Dynamic Metabolic and Transcriptional Responses of Proteasome-Inhibited Neurons
2023-01-10, Suciu, Ilinca, Delp, Johannes, Gutbier, Simon, Ückert, Anna-Katharina, Spreng, Anna-Sophie, Karreman, Christiaan, Schreiber, Falk, Celardo, Ivana, Amelio, Ivano, Leist, Marcel
Proteasome inhibition is associated with parkinsonian pathology in vivo and degeneration of dopaminergic neurons in vitro. We explored here the metabolome (386 metabolites) and transcriptome (3257 transcripts) regulations of human LUHMES neurons, following exposure to MG-132 [100 nM]. This proteasome inhibitor killed cells within 24 h but did not reduce viability for 12 h. Overall, 206 metabolites were changed in live neurons. The early (3 h) metabolome changes suggested a compromised energy metabolism. For instance, AMP, NADH and lactate were up-regulated, while glycolytic and citric acid cycle intermediates were down-regulated. At later time points, glutathione-related metabolites were up-regulated, most likely by an early oxidative stress response and activation of NRF2/ATF4 target genes. The transcriptome pattern confirmed proteostatic stress (fast up-regulation of proteasome subunits) and also suggested the progressive activation of additional stress response pathways. The early ones (e.g., HIF-1, NF-kB, HSF-1) can be considered a cytoprotective cellular counter-regulation, which maintained cell viability. For instance, a very strong up-regulation of AIFM2 (=FSP1) may have prevented fast ferroptotic death.
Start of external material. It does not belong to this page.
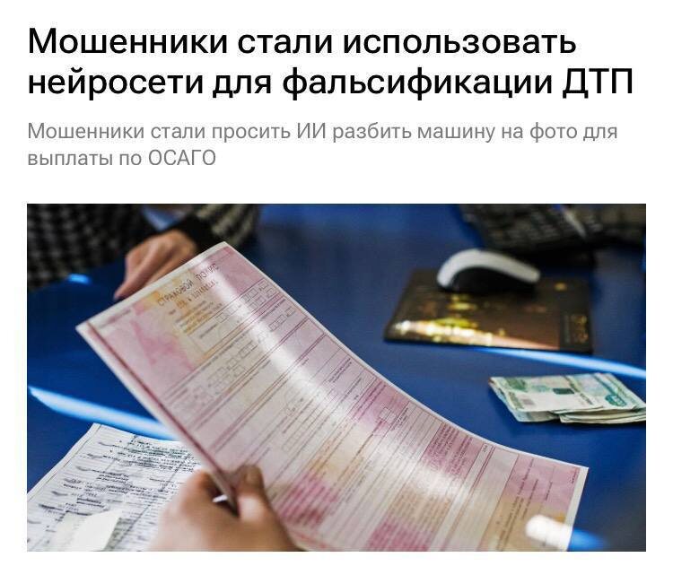 Мошенники используют ИИ для фальсификации ДТП чтобы получить страховые выплаты В интернете распространяются объявления о создании с помощью искусственного интеллекта поддельных фотографий ДТП за несколько сотен рублей, которые успешно проходят по полисам ОСАГО и КАСКО — отличить их от настоящих практически невозможно. К сгенерированным снимкам прилагаются составленные нейросетью обращения в страховые компании, из-за чего страховщикам приходится тратить значительное время на проверку подлинности таких заявлений и доказательство их фальсификации. 👉🏻Новости №1 в Ростове 💌Прислать новость/фото Ростов Папа теперь в Ⓜ️🅰️❌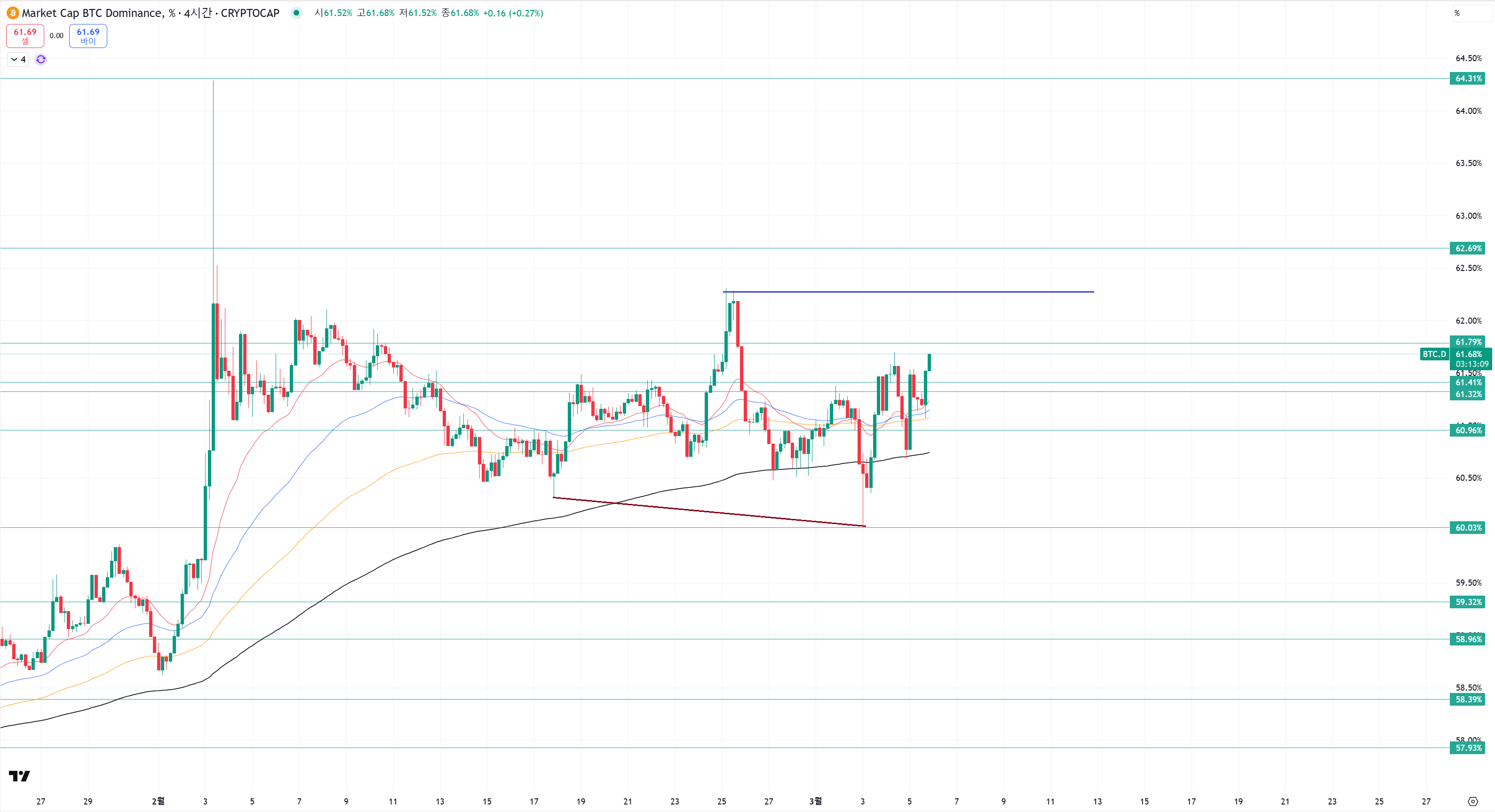 비트코인 도미넌스 동반상승이 나쁠게 없는건 도미넌스가 하락추세 확정으로 계속 내리는 중이거나

For most of the initial period, a definite life–death decision was not taken, as neurons could be rescued for at least 10 h after the start of proteasome inhibition. Late responses involved p53 activation and catabolic processes such as a loss of pyrimidine synthesis intermediates. We interpret this as a phase of co-occurrence of protective and maladaptive cellular changes. Altogether, this combined metabolomics–transcriptomics analysis informs on responses triggered in neurons by proteasome dysfunction that may be targeted by novel therapeutic intervention in Parkinson’s disease.